A Comparison of the Contact Force Distributions on the Acetabular Surface Due to Orthopedic Treatments for Developmental Hip Dysplasia

[+] Author and Article Information
Kalenia M. Márquez-Flórez

Department of Mechanical and Mechatronics Engineering,
Numerical Methods and Modeling Research Group
(GNUM),
Universidad Nacional de Colombia,
Bogotá 111321142, Colombia
e-mail: kmmarquezf@unal.edu.co

Octavio Silva

Department of Physical Medicine and Rehabilitation,
Universidad Nacional de Colombia,
Bogotá 111321142, Colombia
e-mail: osilvac@unal.edu.co

Carlos A. Narváez-Tovar

Department of Mechanical and Mechatronics Engineering,
Numerical Methods and Modeling Research Group
(GNUM),
Universidad Nacional de Colombia,
Bogotá 111321142, Colombia
e-mail: canarvaezt@unal.edu.co

Diego A. Garzón-Alvarado

Department of Mechanical and Mechatronics Engineering,
Numerical Methods and Modeling Research Group
(GNUM),
Universidad Nacional de Colombia, Bogotá 111321142, Colombia
e-mail: dagarzona@unal.edu.co

1Corresponding author.

Manuscript received November 14, 2015; final manuscript received April 28, 2016; published online June 7, 2016. Assoc. Editor: David Corr.
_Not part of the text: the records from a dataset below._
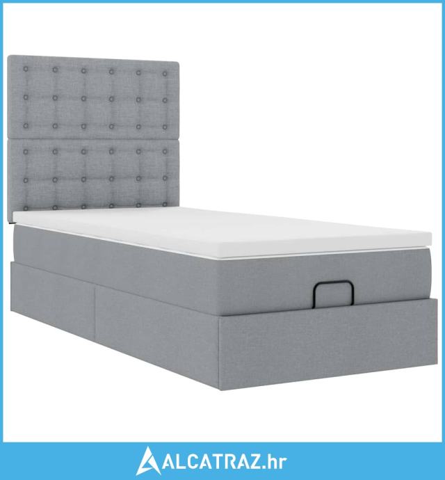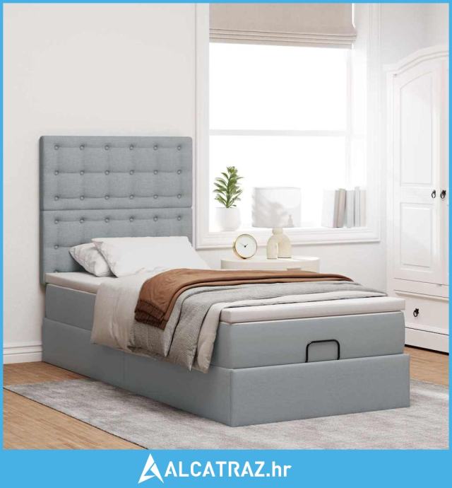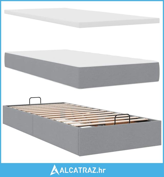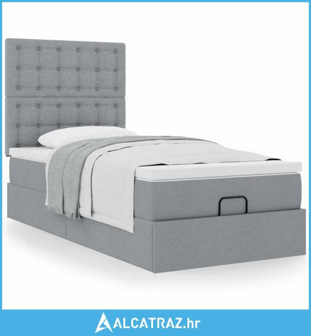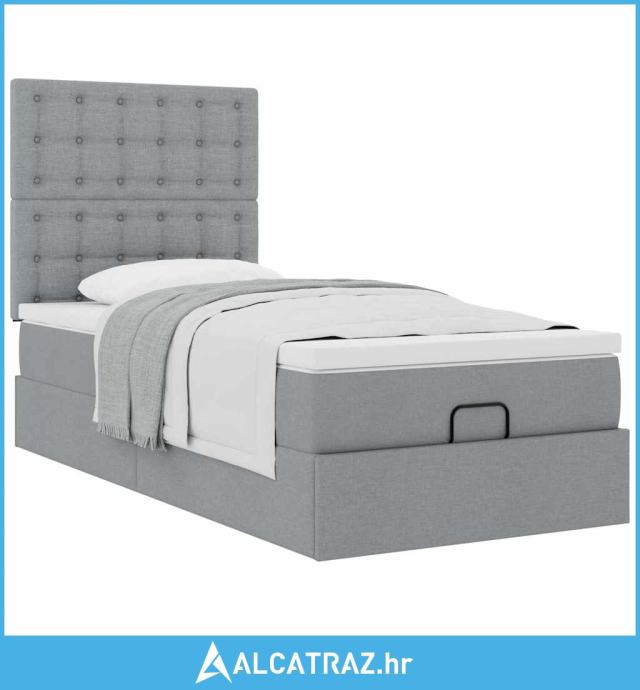 Otomanski okvir kreveta s madraca svijetlosivi 90x190cm tkanine - NOVO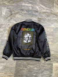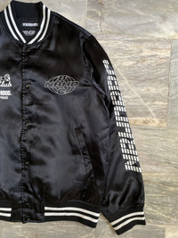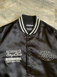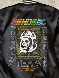 NEIGHBORHOOD and Pharrell Williams‘ Billionaire Boys Club have teamed up to celebrate their London, New York and Toyko footprints in a branding-heavy capsule collection. The capsule collection is comprised of a London-exclusive varsity jacket featuring a heavily-brushed melton body and leather sleeves, as well as another varsity jacket, hoodie, and T-shirt. Pieces combine the bold design details synonymous with BBC’s playful aesthetic alongside NEIGHBORHOOD’s nuanced references to American workwear and tradition. Much like the duo’s HYPEFEST collaboration from 2018, jackets sport a rear emblem that combines the two’s monikers in one grid-locked design. Elsewhere on the jackets, you’ll find a skeleton head take on the BBC spaceman emblem, a NEIGHBORHOOD varsity-style patch, dual-branded embroidery and nods to the BBC stores’ opening years — ‘94 for New York and ‘04 for Tokyo. Another varsity jacket sports printed dual-branding alongside a digital globe graphic and a web-like print on the sleeves. very good used condition flaws - small paint chip (check photo) Actual Measurements (inches) Chest (pit to pit): 22.5 Length: 27 Shoulder:18 Sleeve: 24.5 Message before buying. Items are pre-loved / second hand used. Manage your expectations. Buy with confidence. No return no exchange. Shipping from Asia Shipping time: 1-3 Days after bought Courier: DHL ETA:3-7 DAYS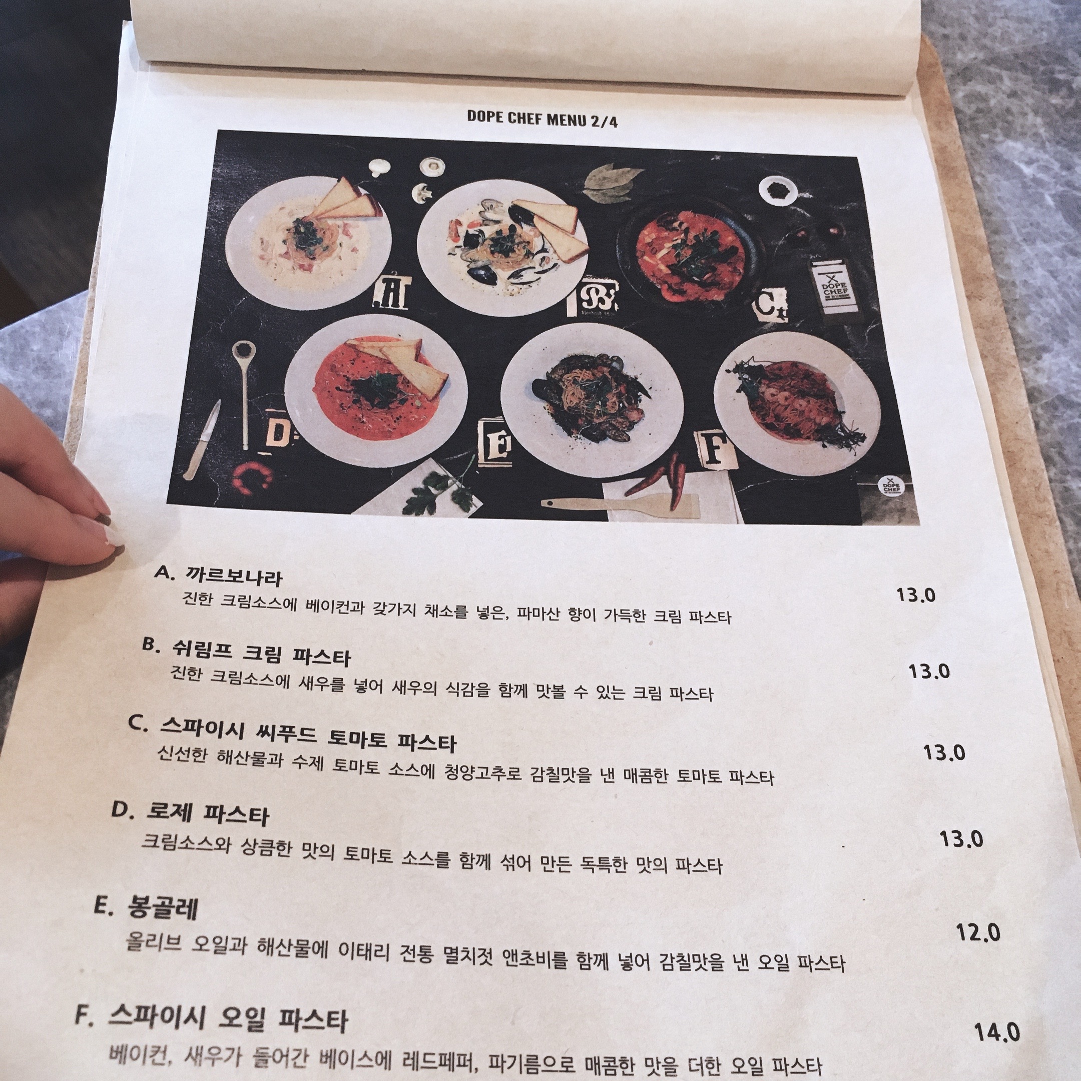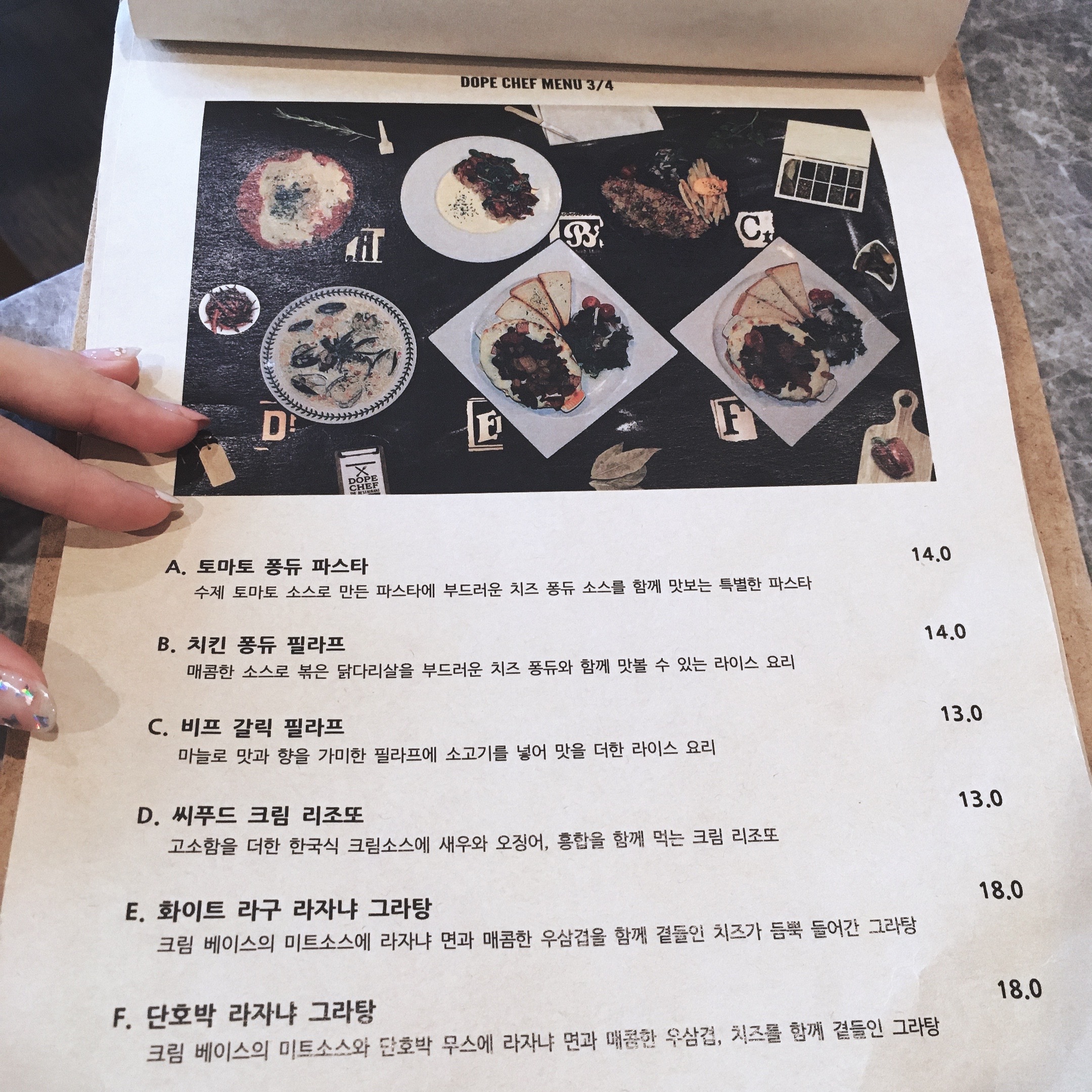 도프셰프의 대표 메뉴라 적혀있는 피자 라자냐를 시키기로 하고 파스타를 시킬지 스테이크를 시킬지 고민하다가 쉬림프 크림 파스타를 주문하였다.

J Biomech Eng 138(7), 074501 (Jun 07, 2016) (7 pages) Paper No: BIO-15-1589; doi: 10.1115/1.4033547 History: Received November 14, 2015; Revised April 28, 2016

We used a three-dimensional rigid body spring model (RBSM) to compare the contact force distributions on the acetabular surface of the infant hip joint that are produced by three orthopedic treatments for developmental dysplasia of the hip (DDH). We analyzed treatments using a Pavlik harness, a generic rigid splint, and a spica cast. The joint geometry was modeled from tomography images of a 1-year-old female. The articular cartilage was modeled as linear springs connecting the surfaces of the acetabulum and the femoral head, whereas the femur and the hip bone were considered as rigid bodies. The hip muscles were modeled as tensile-only preloaded springs. The treatments with the Pavlik harness and the generic rigid splint were modeled for an infant in supine position with a hip flexion angle of 90 deg. Also, since rigid splints are often recommended when children are initiating their gait phase, we modeled the treatment with the infant in standing position. For the spica cast, we only considered the infant in standing position with a flexion angle of 0 deg, and the fixation bar at two heights: at the ankle and at the knee. In order to analyze the effect of the hip abduction angle over the contact force distribution, different abduction angles were used for all the treatments modeled. We have found that the treatments with the infant in supine position, with a flexion angle of 90 deg and abduction angles between 60 deg and 80 deg, produce a more homogenous contact force distribution compared to those obtained for the treatments with the infant in standing position.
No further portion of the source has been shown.